### Source data:

%%

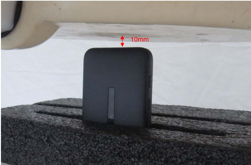
Picture 3: Left Side, the distance from handset to the bottom of the Phantom is 10mm
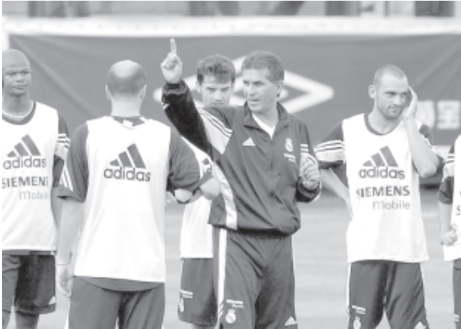
Carlos Queiroz (C), head coach of Spain's football giant Real Madrid, instructs players in a training session in Kunming, capital of southwest China's Yunnan Province, on 27 July, 2003.
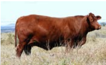
DAM - WILMA [3.5 YRS]

%%

### Exercise:
Wherever an image sits in the data, omit it; everything else must be copied exactly.

### Result of this exercise:
Picture 3: Left Side, the distance from handset to the bottom of the Phantom is 10mm
Carlos Queiroz (C), head coach of Spain's football giant Real Madrid, instructs players in a training session in Kunming, capital of southwest China's Yunnan Province, on 27 July, 2003.
DAM - WILMA [3.5 YRS]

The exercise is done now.